***** RECORDS FOR THE EXERCISE

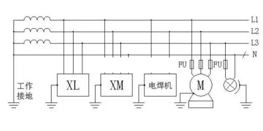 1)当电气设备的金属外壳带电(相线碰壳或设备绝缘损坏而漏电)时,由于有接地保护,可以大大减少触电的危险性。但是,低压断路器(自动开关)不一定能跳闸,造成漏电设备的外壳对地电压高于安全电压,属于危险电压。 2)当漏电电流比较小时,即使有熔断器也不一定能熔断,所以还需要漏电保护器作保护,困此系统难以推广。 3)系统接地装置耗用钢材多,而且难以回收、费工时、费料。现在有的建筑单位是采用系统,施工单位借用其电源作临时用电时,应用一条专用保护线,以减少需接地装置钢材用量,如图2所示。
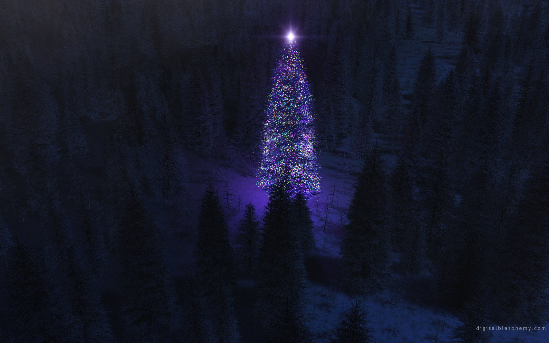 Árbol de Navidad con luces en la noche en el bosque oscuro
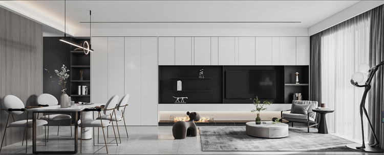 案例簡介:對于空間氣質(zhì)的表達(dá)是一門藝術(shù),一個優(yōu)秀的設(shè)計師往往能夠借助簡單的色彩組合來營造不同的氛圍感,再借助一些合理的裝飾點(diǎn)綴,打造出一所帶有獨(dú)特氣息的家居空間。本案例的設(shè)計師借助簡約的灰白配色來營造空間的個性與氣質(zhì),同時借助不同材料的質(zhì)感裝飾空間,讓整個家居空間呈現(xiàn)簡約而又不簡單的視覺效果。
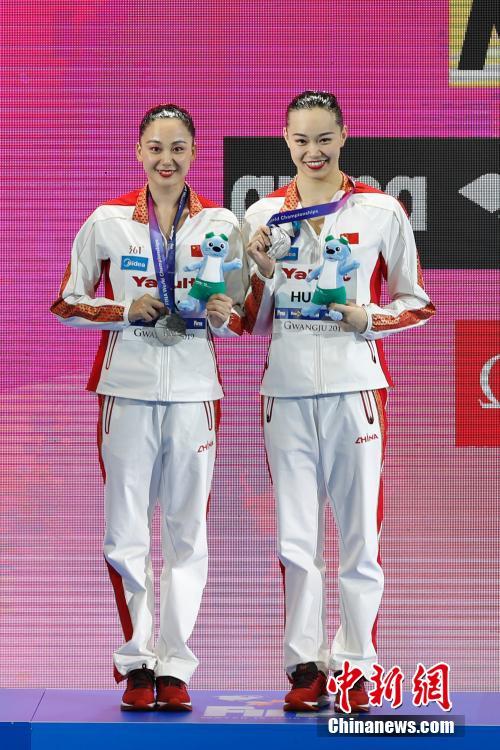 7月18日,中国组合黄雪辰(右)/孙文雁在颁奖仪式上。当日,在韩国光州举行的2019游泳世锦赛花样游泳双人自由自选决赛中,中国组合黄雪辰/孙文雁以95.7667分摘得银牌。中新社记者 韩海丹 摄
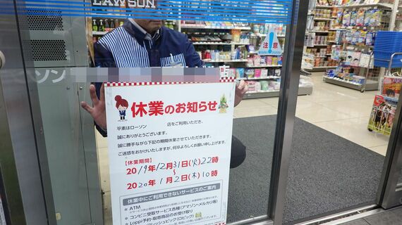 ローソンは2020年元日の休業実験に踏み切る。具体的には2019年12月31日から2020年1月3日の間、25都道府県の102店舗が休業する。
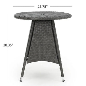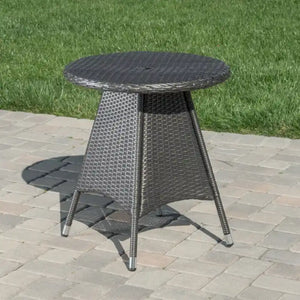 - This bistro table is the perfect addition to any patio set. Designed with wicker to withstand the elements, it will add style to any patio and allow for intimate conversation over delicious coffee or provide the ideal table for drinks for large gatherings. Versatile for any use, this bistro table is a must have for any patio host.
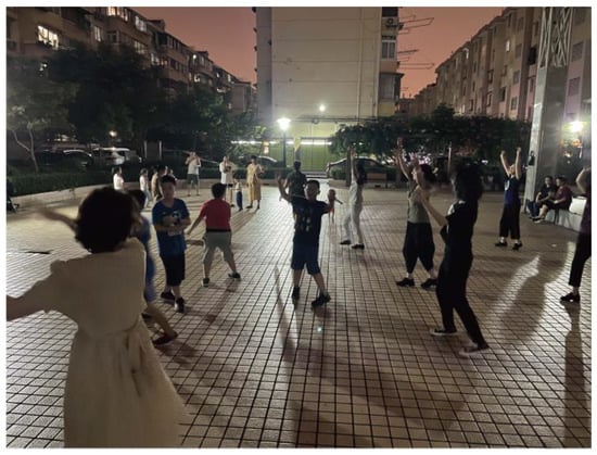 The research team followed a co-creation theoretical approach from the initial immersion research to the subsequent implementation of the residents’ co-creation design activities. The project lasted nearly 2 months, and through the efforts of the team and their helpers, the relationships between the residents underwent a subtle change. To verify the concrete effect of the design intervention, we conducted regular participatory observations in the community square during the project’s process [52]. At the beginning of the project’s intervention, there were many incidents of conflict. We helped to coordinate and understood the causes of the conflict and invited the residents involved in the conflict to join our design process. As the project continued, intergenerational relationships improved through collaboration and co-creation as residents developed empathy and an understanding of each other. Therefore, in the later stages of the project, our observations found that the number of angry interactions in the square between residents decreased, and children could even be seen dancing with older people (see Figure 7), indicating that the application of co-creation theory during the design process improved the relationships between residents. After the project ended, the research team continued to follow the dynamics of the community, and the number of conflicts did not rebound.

**********
***** RECORDS FOR THE EXERCISE

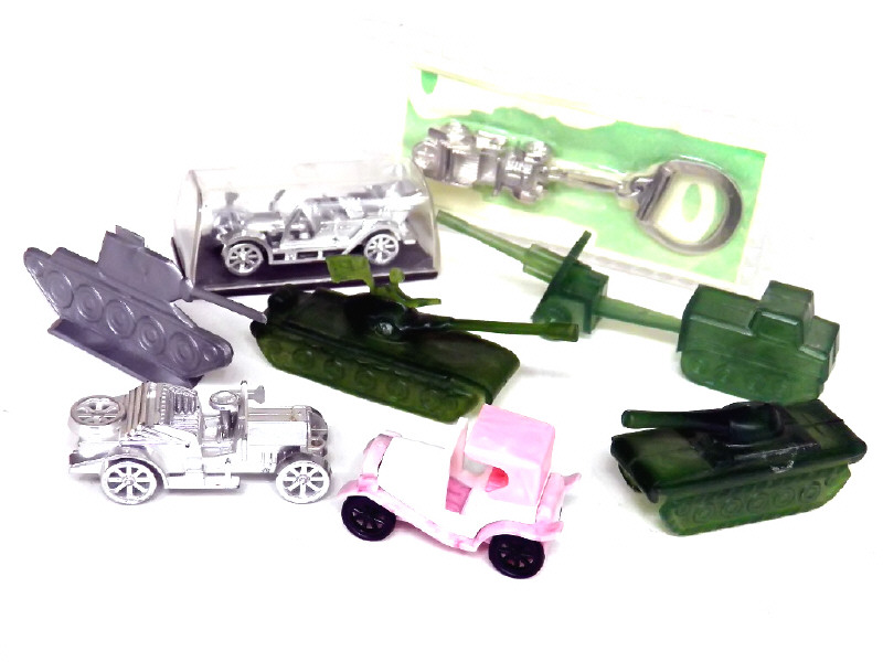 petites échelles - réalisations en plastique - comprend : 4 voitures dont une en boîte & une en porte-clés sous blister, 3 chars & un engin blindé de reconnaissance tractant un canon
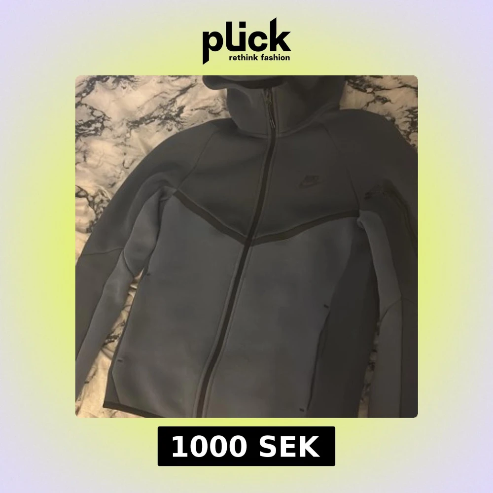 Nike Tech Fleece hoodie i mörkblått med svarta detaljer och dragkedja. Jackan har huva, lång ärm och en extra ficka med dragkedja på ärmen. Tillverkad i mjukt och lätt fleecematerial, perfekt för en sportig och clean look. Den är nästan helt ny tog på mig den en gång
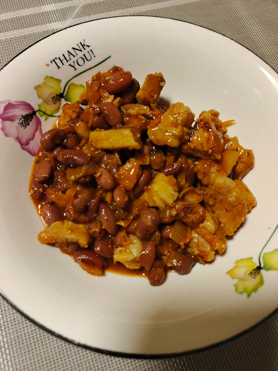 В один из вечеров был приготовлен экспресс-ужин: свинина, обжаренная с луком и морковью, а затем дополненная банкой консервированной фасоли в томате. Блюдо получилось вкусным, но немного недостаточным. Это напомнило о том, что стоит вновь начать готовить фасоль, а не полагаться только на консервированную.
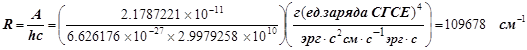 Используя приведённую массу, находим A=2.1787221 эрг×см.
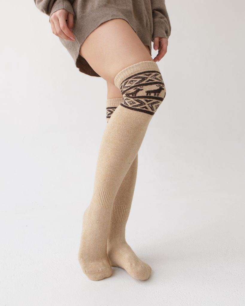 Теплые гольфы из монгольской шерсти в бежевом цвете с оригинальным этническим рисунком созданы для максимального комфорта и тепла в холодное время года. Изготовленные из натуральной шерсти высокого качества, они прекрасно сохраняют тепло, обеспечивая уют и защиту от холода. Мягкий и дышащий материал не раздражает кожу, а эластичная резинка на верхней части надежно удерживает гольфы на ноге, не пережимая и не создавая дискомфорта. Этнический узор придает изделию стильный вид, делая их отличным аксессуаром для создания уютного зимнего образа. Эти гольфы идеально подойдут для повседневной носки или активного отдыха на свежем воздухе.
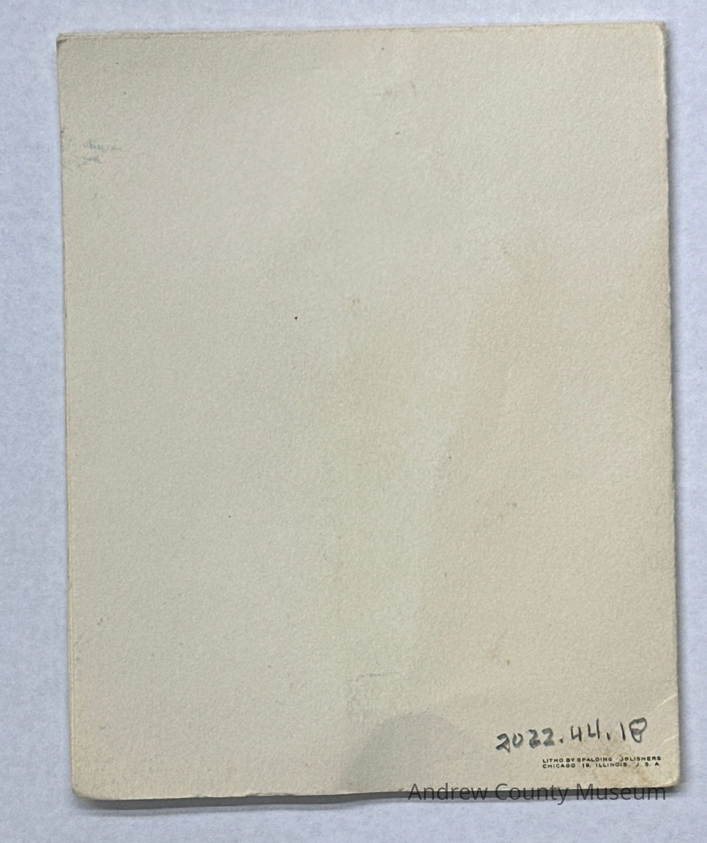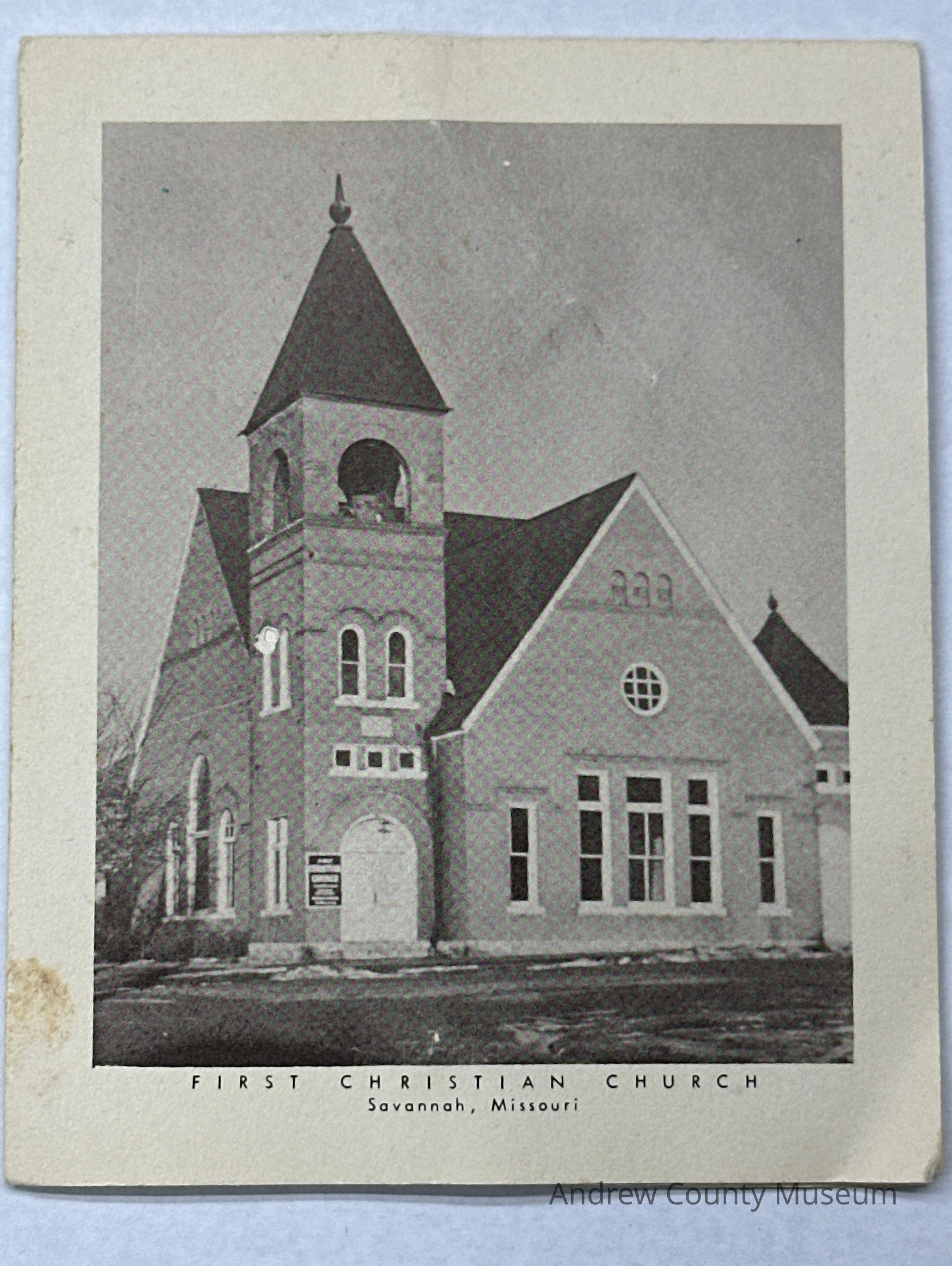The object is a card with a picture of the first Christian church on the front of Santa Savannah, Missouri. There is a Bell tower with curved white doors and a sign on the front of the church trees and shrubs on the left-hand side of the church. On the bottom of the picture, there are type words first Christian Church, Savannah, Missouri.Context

**********

» **ASSIGNMENT**: What is needed is an exact copy of the lines above, from the one holding "案例簡介:對于空間氣質(zh" down to the one holding "ローソンは2020年元日の休", with those two included and the pictures left out.

» **SOLUTION**:
 案例簡介:對于空間氣質(zhì)的表達(dá)是一門藝術(shù),一個優(yōu)秀的設(shè)計師往往能夠借助簡單的色彩組合來營造不同的氛圍感,再借助一些合理的裝飾點(diǎn)綴,打造出一所帶有獨(dú)特氣息的家居空間。本案例的設(shè)計師借助簡約的灰白配色來營造空間的個性與氣質(zhì),同時借助不同材料的質(zhì)感裝飾空間,讓整個家居空間呈現(xiàn)簡約而又不簡單的視覺效果。
 7月18日,中国组合黄雪辰(右)/孙文雁在颁奖仪式上。当日,在韩国光州举行的2019游泳世锦赛花样游泳双人自由自选决赛中,中国组合黄雪辰/孙文雁以95.7667分摘得银牌。中新社记者 韩海丹 摄
 ローソンは2020年元日の休業実験に踏み切る。具体的には2019年12月31日から2020年1月3日の間、25都道府県の102店舗が休業する。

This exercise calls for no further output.